With pictures left out, extract every line between the start of the records below and the line holding "Baú Box Casal Bipartido - Suede Preto", inclusive.

(Saved entries)
»»

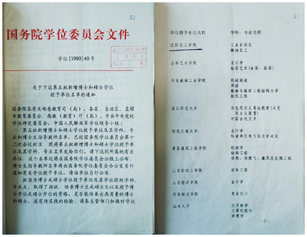 本时期,学校依托建校时的化工、机械、电机3个专业,坚守化工初心,承载时代使命,砥砺奋进前行。1982年,学校获批为国家首批学士学位授予权单位,为学科建设和发展奠定了坚实的基础。
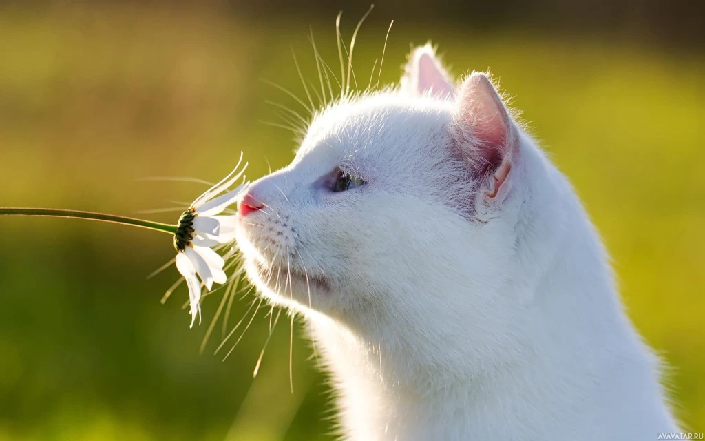 a white cat with long whiskers and a curious expression, looking up towards the camera. In its mouth, there appears to be
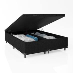 Baú Box Casal Bipartido - Suede Preto
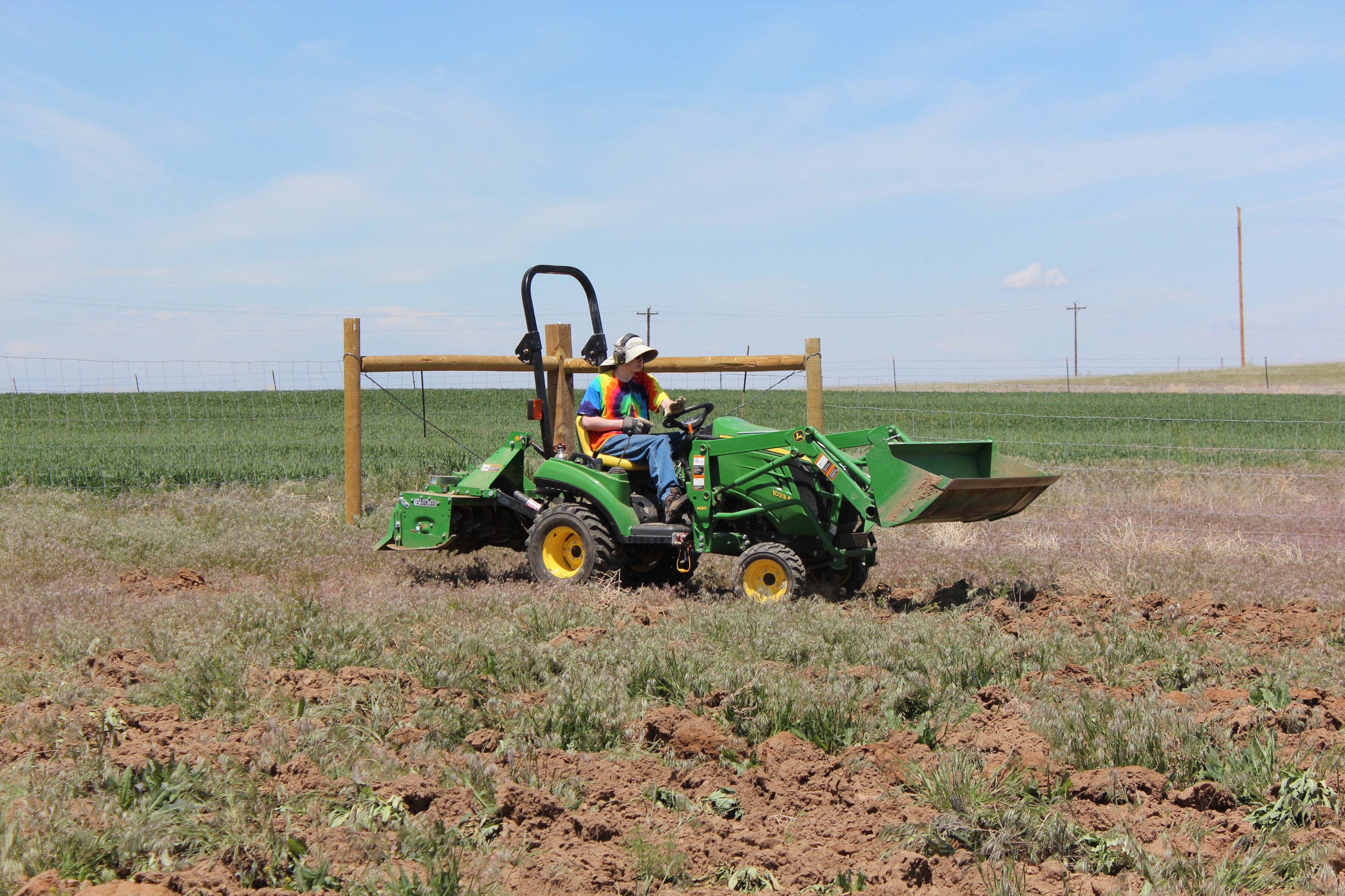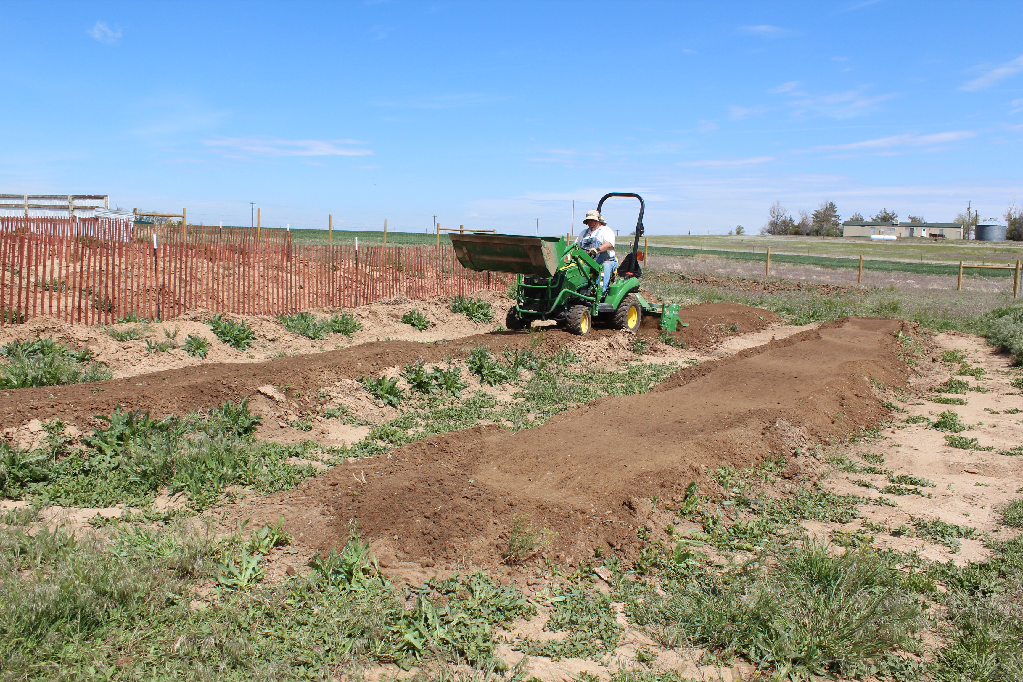 Farmer Jon was out on the little tractor and tilled up the garden beds. It was with the 4×4 engaged and in low range gear climbing over the hills and valleys of the piles that have been sitting there waiting for weeks! Aaron took over after that task was completed and tilled up the corn and sunflower patch. Zina started weeding what the tiller didn’t rip up and the garden area now looks like a garden!
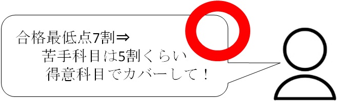 例えば、合格最低点が7割の大学があったとして、どの科目も一律7割の目標で過去問に取り組んでいては、戦略的ではありません。
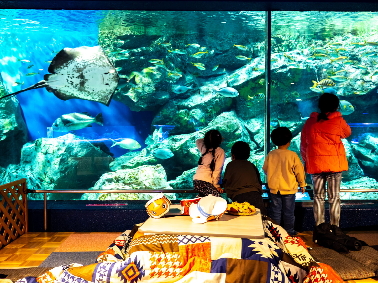 大水槽の前にこたつが!このような展示は初めて見ました!なんでもコタリウムと言うそうです(笑)。子供さんが居られる方にはとても良い展示だなと思いましたがカメラマンにとっては撮影が大変かも。
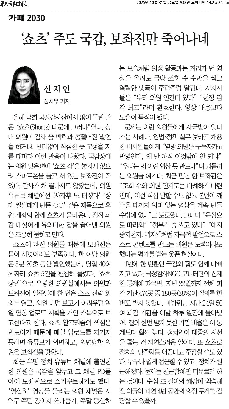 ② 감사가 채 끝나지도 않았는데, 의원 유튜브 채널에선 ‘사자후 또 터졌다’ ‘상대 쩔쩔매게 만든 ○○’ 같은 제목으로 후원 계좌와 함께 쇼츠가 올라온다. 정작 피감 대상에게 유의미한 답을 끌어낸 의원은 조용히 묻히고 만다.
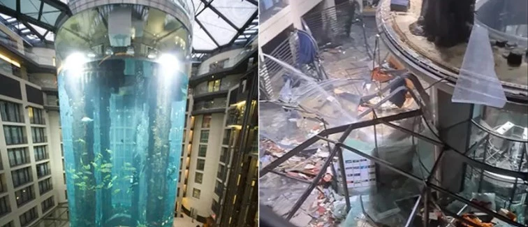 Başkent Berlin’de egzotik balıklara ev sahipliği yapan AquaDom isimli akvaryumun patlaması ile 1 milyon litre su yollara aktı.
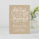 Há sempre algo para agradecer. Convide convidados para o seu evento com este convite de Ação de Graças personalizável. Ele apresenta uma citação de Ação de Graças na caligrafia rustica em um fundo de papel kraft falso. Personalize adicionando seus detalhes. Itens correspondentes estão disponíveis.
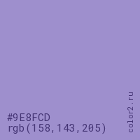Цвет #9E8FCD в цветовой модели RGB обозначается тремя октетами (158, 143, 205) в десятичном формате и #9E8FCD в шестнадцатиричном (hex) формате, которые являются интенсивностью красного 158 (hex 9E), интенсивность зелёного 143 (hex 8F) и интенсивность синего 205 (hex CD).
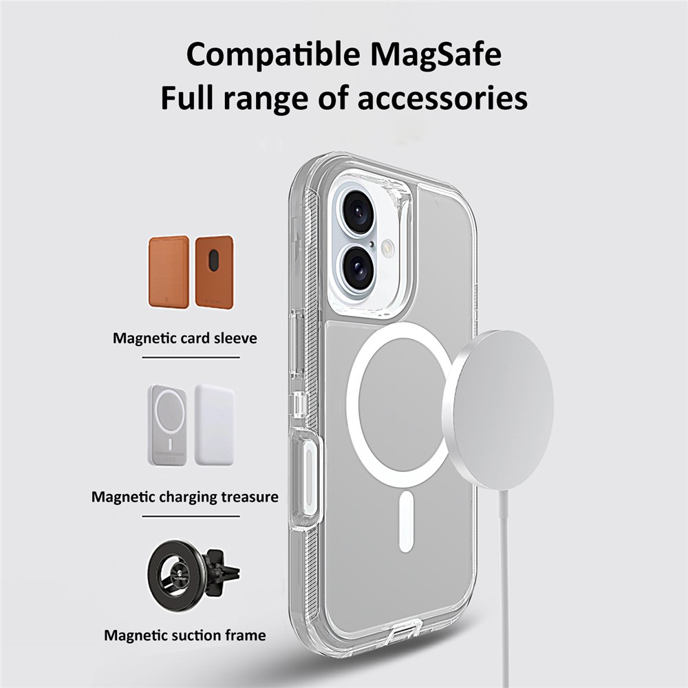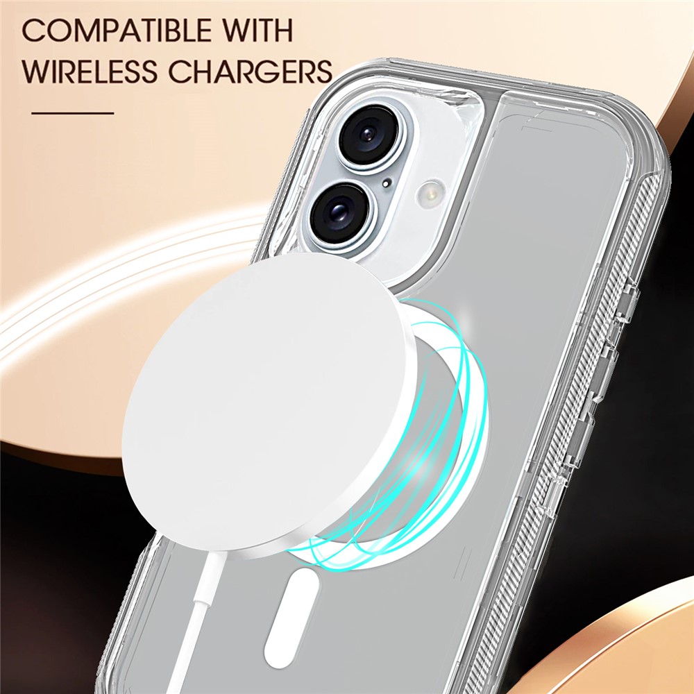 • For iPhone 16 Plus Case Compatible with MagSafe Shockproof TPU + PC Phone Back Cover - Transparent

««

**Reply to the exercise**
 本时期,学校依托建校时的化工、机械、电机3个专业,坚守化工初心,承载时代使命,砥砺奋进前行。1982年,学校获批为国家首批学士学位授予权单位,为学科建设和发展奠定了坚实的基础。
 a white cat with long whiskers and a curious expression, looking up towards the camera. In its mouth, there appears to be
 Baú Box Casal Bipartido - Suede Preto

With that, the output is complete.